Renzi“Dicono che io sia ambizioso. È vero”. Matteo Renzi non è uno che le manda a dire. Ha fatto tutta la sua campagna elettorale per le primarie proprio sul concetto: “Noi le cose le diciamo in faccia”. E così, senza giri di parole, rivela – se mai ce ne fosse bisogno – la sua anima intraprendente durante la trasmissione Otto e mezzo condotta su La7 da Lilly Gruber.

Renzi e i “traditori”. Il sindaco di Firenze è stato accusato di tutto: un berlusconiano nei panni dell’uomo di centro-sinistra, un pugnalatore, un traditore e chi più ne ha più ne metta. Ma la realtà di questi giorni nel Pd è ben più articolata di quanto certa nomenclatura conservatrice dei democratici lasci intendere. Renzi ha certamente la “colpa” di aver bloccato Franco Marini per il Colle e aprire nel Pd un dibattito che ha portato in pochissime ore al crollo della dirigenza. Ma lo ha fatto “faccia a faccia”, dichiarando prima del voto il non appoggio all’ex sindacalista abruzzese. Ma contro Marini si sono schierati anche molti altri come la stragrande maggioranza dei “giovani turchi”. Quello che si è generato dopo appare come una vendetta, questa volta contro Renzi ma anche contro lo stesso segretario Pier Luigi Bersani, colpevole – secondo molti – di aver gettato il partito nelle braccia del Cavaliere.

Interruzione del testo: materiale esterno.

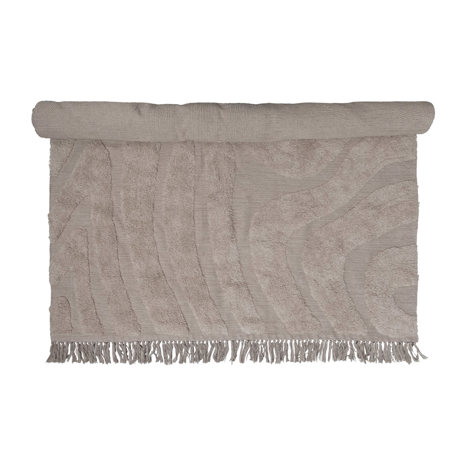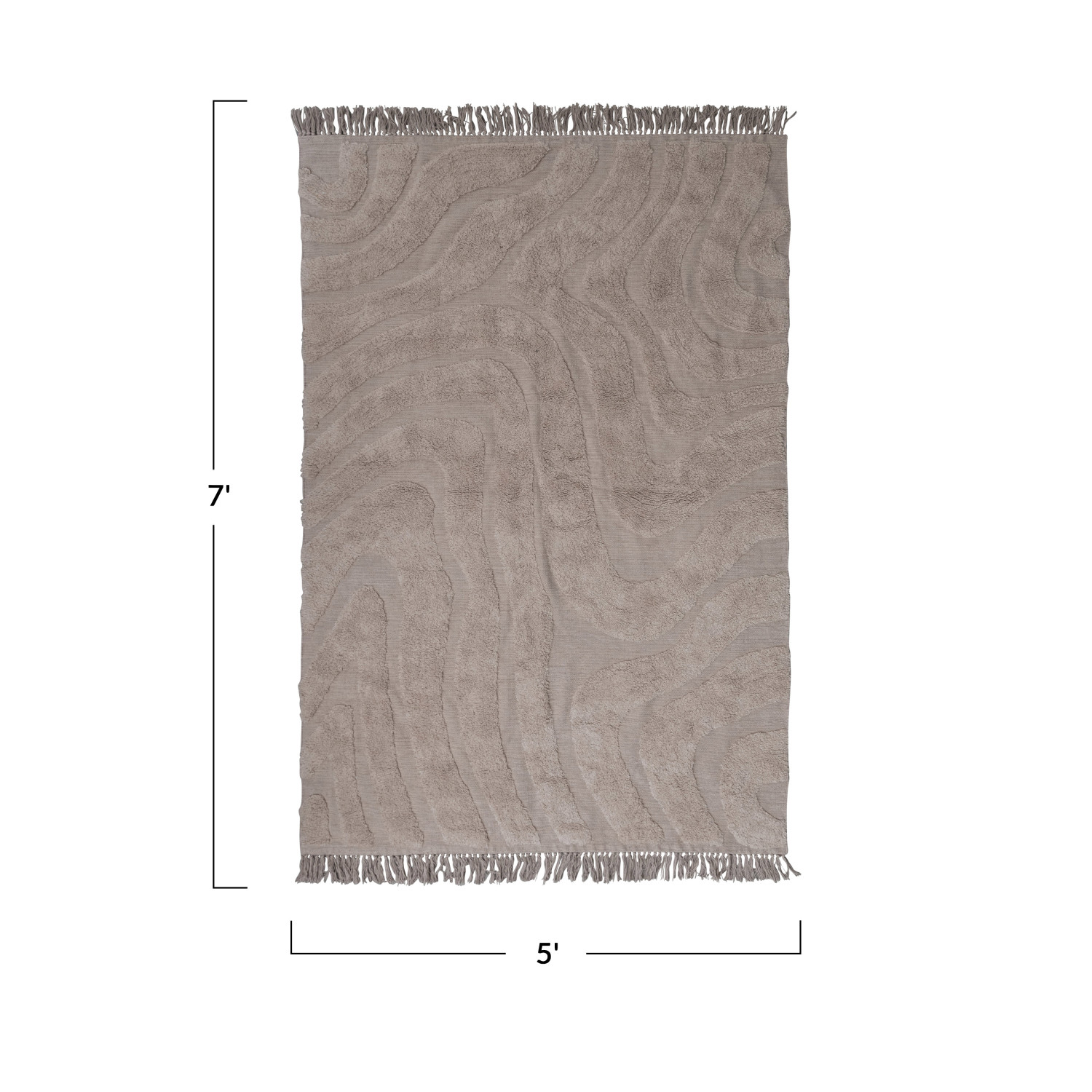 This nature inspired rug features supple melange cotton with a tufted wave design and decorative fringe.

Un problema di strategie. I voti contrari nel Pd sia a Marini che a Prodi sono stati ben oltre i 55 attribuiti ai renziani. Il primo avrebbe concentrato su di sé i voti contrari dei detrattori dell’accordo con il centro-destra, il secondo quello dei dalemiani (principali fautori dell’ “inciucio”) e di parte dei cattolici. Lo stesso Fioroni, con una strana excusatio non petita, mostrava sul telefonino la foto scattata della sua scheda elettorale per mettersi al riparo dagli attacchi del partito. Insomma, un Pd in guerra, un tutti contro tutti che ha poco a che vedere con la ventilata (dopo sei anni dalla nascita del Pd) “fusione a freddo” tra Ds e Margherita. Le posizioni politiche contano, ma contano poco. Si tratta piuttosto di visioni differenti su strategie presenti e future. Non a caso un giovane turco come Matteo Orfini si schiera, sorprendentemente, con Matteo Renzi.

Per ora D’Alema ha vinto. Tuttavia, la convergenza su Napolitano ha, però, fatto rientrare nei ranghi il sindaco di Firenze e i “traditori” di occulta provenienza. Il Pd si è ricompattato momentaneamente ed è prevalsa la linea dell’accordo, facendo ricadere il peso del tutto non ad una scelta politica del partito, ma al volere del Presidente della Repubblica anche grazie ad un passo indietro di Renzi.

Il veto (preoccupato) di Berlusconi. Il sindaco di Firenze, nonostante una sconfitta personale sul nome di Prodi e sul tentativo di chiudere ad un accordo con il centro-destra, esce da questa situazione rafforzato. Se ieri il suo nome era girato insistentemente come possibile nuovo premier, le probabilità che oggi venga incaricato sono diminuite drasticamente. Ieri sia il Pd (in maniera ufficiosa ma non ufficiale) e il Pdl avevano avanzato la sua candidatura: il modo migliore per bruciarlo e per farlo rientrare nei ranghi visto che guidare un governo di larghe intese è un’impresa complicata ed elettoralmente improduttiva. Tuttavia, in serata Silvio Berlusconi, però, ha cambiato idea: “Non possiamo rischiare di dargli tutta questa visibilità”, ha detto ai suoi. Così, per ora, la sua corsa a Palazzo Chigi viene frenata. Berlusconi, ancor prima di D’Alema, tenterà di allungare il più possibile questa legislatura, sperando che la popolarità del sindaco di Firenze (impressionante a guardare i sondaggi da novembre ad oggi) cali inesorabilmente con il passare del tempo.